Has 1 years experience.

your luck you have a job to, "learn on the job" at, i would do anything just to have that opportunity.

with all due respect, I disagree with some of the above comments. Your complaint and concern are valid.

As a new grad, I recieved 10 shifts of orientation time (this is a few years back, and I would expect that in this economy it would be somewhat less) As a new grad, your employer should be willing to invest something in you, for your safety in practice, as well as for safety for these residents. You should be trained on forms, on admissions, on discharges, and at least have a few shifts of training. Even in this economy, if an employer put me in this position, I would be stating my feelings at least to the DON. You have a license, and need to protect that too. If the employer is not going to give you adequate training time, and you are not comfortable, you need to decide if this is something that you are willing to do. It's a tough position to be in, and I feel for you.

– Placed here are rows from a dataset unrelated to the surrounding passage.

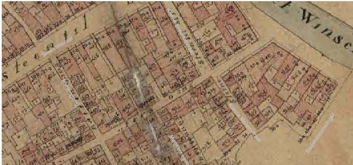
De kadastrale kaart van omstreeks 1830 met daarop aangegeven de moderne huisnummers.

In 1916 zijn de gevels opnieuw bepleisterd. Volgens de opmeting van 1933 bevatte de begane grond van het huis een café en zijkamer (met bedstede en schouw). Een smalle doorgang vormde de verbinding met een keukenaanbouw op het binnenterrein achter Kleine Steentilstraat 5/ Kostersgang 38. Een trap staat niet getekend, maar was volgens de tekening uit 1925 wel aanwezig achter het café. Met de verbouwing in 1933 werd de bestaande keuken gesloopt. De naastgelegen eenkamerwoning in het pand Kostersgang 38 is ingericht tot een nieuwe keuken. Het café bleef ongewijzigd. In 1969 is het café opgeheven, waarna de indeling is aangepast.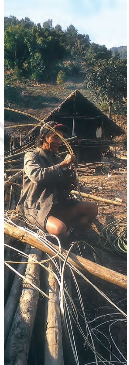
चित्र 5 - पूर्वोत्तर के निशी आदिवासियों के एक गाँव में लट्टों से बना घर। जब ये घर बनाए जाते हैं तो पूरा गाँव मदद करता है।

बेवड़ - मध्य प्रदेश में घुमंतू खेती के लिए इस्तेमाल होने वाला शब्द।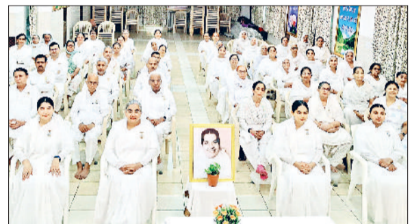
बहादुरगढ़। कार्यक्रम में मौजूद बीके अनुयायी।

केवल जनता द्वारा टैक्स के रूप में दिए जा रहे धन को संबंधित लोग अपनी जेबों में भरने का काम कर रहे हैं। देवीलाल पार्क, शहीद राव तुलाराम पार्क, किला मोहल्ला स्थित लक्ष्मणदास म्युनिसिपल पार्क, भगत सिंह पार्क सहित विभिन्न पार्कों की हालत दयनीय है।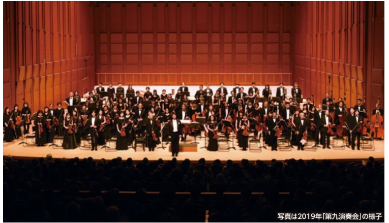
写真は2019年「第九演奏会」の様子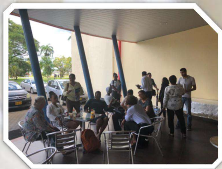
Nabespreking sessie over promoveren, AdeKUS

Tabel 1 geeft de verschillende fasen aan binnen een promotieonderzoek en in welke fase de verschillende geïnteresseerden thans zitten. Ongeveer de helft van de belangstellenden zit in de "voornemensfase" en heeft nog geen onderwerp/onderzoeksvraag maar is wel van plan of heeft interesse om binnen een jaar te starten met een promotietraject. Daarnaast is ongeveer 40% in de verkenningsfase. In deze twee fasen hebben de wetenschappers dus nog geen formele status en ook nog geen uitgewerkt en goedgekeurd onderzoeksvoorstel. Verder is ongeveer 13% reeds gestart en/of heeft al 40-60% van het traject doorlopen.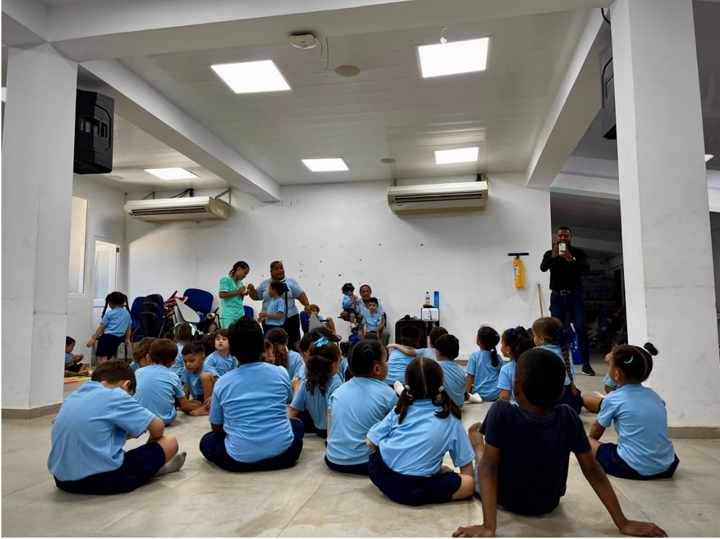
Encuentro deportivo INFOTEP - SENA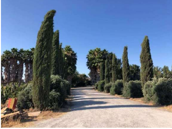
我们的 drive way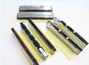
演奏する曲によってハーモニカを替えます

Specializes in Pulmonology Clinic. Has 2 years experience.

I don't know what the job market is like in your area, but I would not stay in a place where I was uncomfortable. My opinion is to stick it out while searching for a different job. As a new grad I was lucky enough to get a clinic position which imho is the best!


Specializes in Pediatric Private Duty; Camp Nursing. Has 6 years experience.

How can there be "no one to train you"? Are they really saying there were NO other nurses on that shift in the ENTIRE building pushing a med cart that they can have you shadow? That is such a crock! Even following a novice nurse would be better than throwing you out there cold turkey. I would have walked right out of there.


Specializes in Mother-Baby, Rehab, Hospice, Memory Care. Has 8 years experience.

I'm not schocked at all. This sounds like typical LTCF BS. As a new grad I was told I would get 3 days of floor orientation. It turned into 2 days, due to state being in the building on the 3rd day. I was fortunate to work with some helpful nurses who helped me along. Learn as you go... not ideal, but at least you have a job! It sounds like management isn't interested in giving you more orientation, so if feel too uncomfortable then quit. I would try to give it a chance first.

TheCommuter, BSN, RN

Specializes in Case mgmt., rehab, (CRRN), LTC & psych. Has 15 years experience.

I would have walked right out of there.
Nurses who "walk out" before the end of the shift run the risk of getting their license numbers referred to the state BON for abandonment. It's really the nurse's word against management's.

Since I'm not willing to deal with defending my license over an accusation of abandonment as a result of "walking out" of a facility, I'd rather stick it out and deal with the rough shift.

If you want to walk out, always do so at the conclusion of one's shift, and ensure that someone is willing to receive report from you.

tainted1972, ASN, RN

Specializes in MR/DD. Has 3 years experience.

My suggestion is to find a Mentor FAST, hopefully an RN that you can call and get advice from.

I think you should stick it out unless there are a ton of jobs in your area.

I know that right now there are nurses that would kill to be in your position.. employed.